### Work to complete
Below are records to return verbatim; the pictures are to be dropped.

### Stored dataset items
Content starts

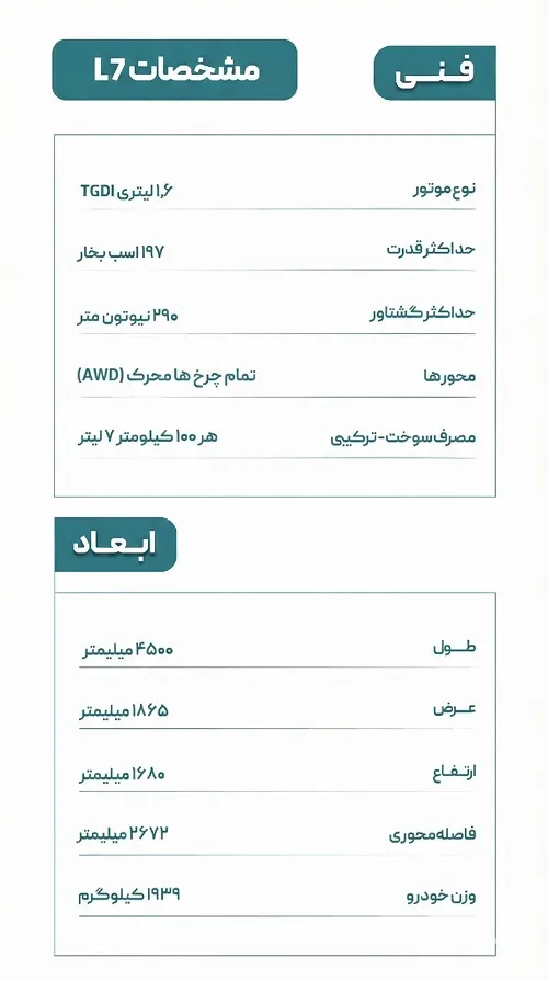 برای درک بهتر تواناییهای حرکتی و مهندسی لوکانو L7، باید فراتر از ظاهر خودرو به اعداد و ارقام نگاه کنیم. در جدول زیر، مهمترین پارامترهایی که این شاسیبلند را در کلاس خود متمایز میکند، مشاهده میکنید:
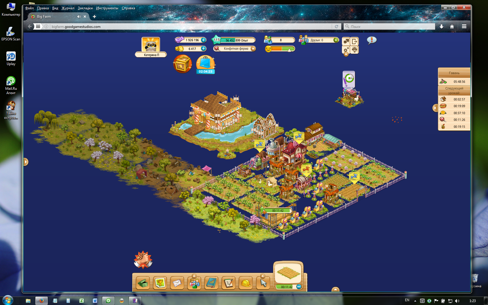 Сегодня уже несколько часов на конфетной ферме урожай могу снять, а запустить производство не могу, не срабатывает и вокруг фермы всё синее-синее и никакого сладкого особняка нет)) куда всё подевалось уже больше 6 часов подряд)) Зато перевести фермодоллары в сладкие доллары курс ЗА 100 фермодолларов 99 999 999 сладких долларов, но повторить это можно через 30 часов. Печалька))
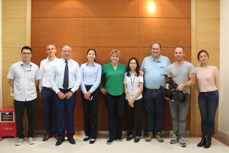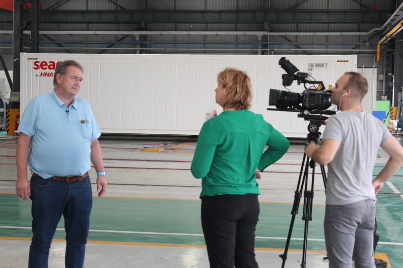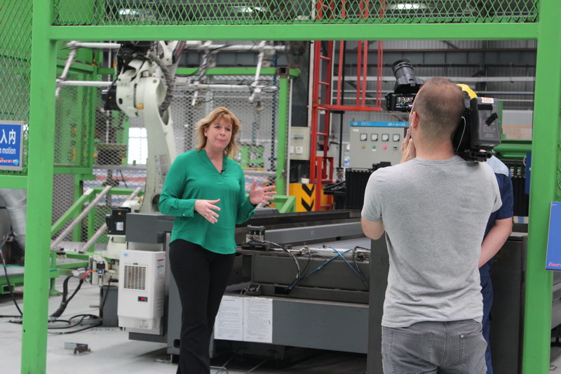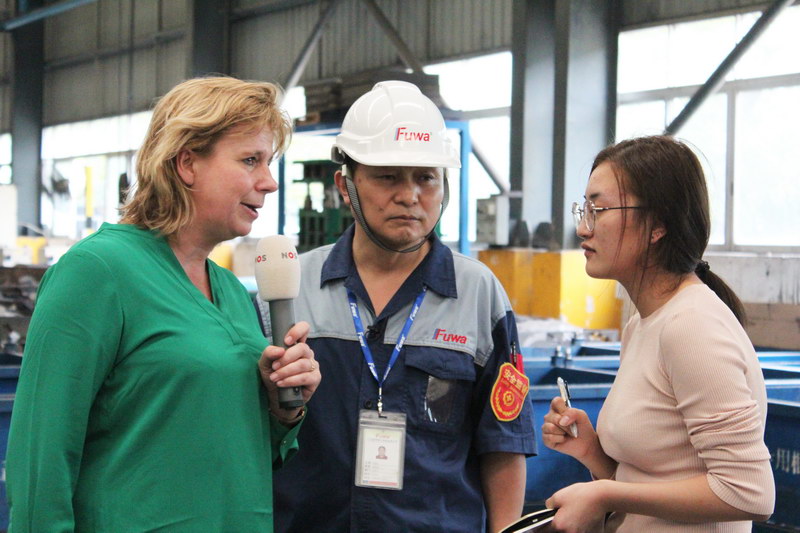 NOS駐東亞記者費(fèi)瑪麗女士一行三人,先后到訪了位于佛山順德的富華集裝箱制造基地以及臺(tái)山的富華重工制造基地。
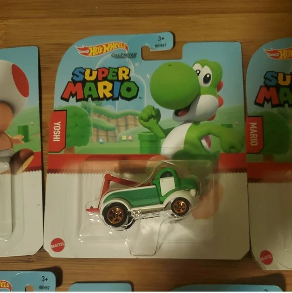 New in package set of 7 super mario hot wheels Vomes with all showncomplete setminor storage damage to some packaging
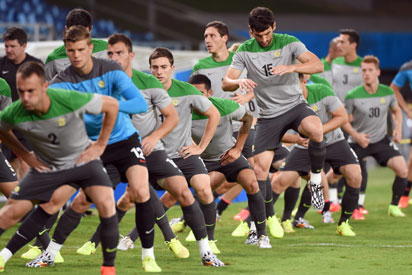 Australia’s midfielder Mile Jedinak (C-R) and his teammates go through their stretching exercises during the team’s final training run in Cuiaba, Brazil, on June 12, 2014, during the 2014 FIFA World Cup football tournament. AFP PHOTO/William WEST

Content ends

### Task solution
 برای درک بهتر تواناییهای حرکتی و مهندسی لوکانو L7، باید فراتر از ظاهر خودرو به اعداد و ارقام نگاه کنیم. در جدول زیر، مهمترین پارامترهایی که این شاسیبلند را در کلاس خود متمایز میکند، مشاهده میکنید:
 Сегодня уже несколько часов на конфетной ферме урожай могу снять, а запустить производство не могу, не срабатывает и вокруг фермы всё синее-синее и никакого сладкого особняка нет)) куда всё подевалось уже больше 6 часов подряд)) Зато перевести фермодоллары в сладкие доллары курс ЗА 100 фермодолларов 99 999 999 сладких долларов, но повторить это можно через 30 часов. Печалька))
 NOS駐東亞記者費(fèi)瑪麗女士一行三人,先后到訪了位于佛山順德的富華集裝箱制造基地以及臺(tái)山的富華重工制造基地。
 New in package set of 7 super mario hot wheels Vomes with all showncomplete setminor storage damage to some packaging
 Australia’s midfielder Mile Jedinak (C-R) and his teammates go through their stretching exercises during the team’s final training run in Cuiaba, Brazil, on June 12, 2014, during the 2014 FIFA World Cup football tournament. AFP PHOTO/William WEST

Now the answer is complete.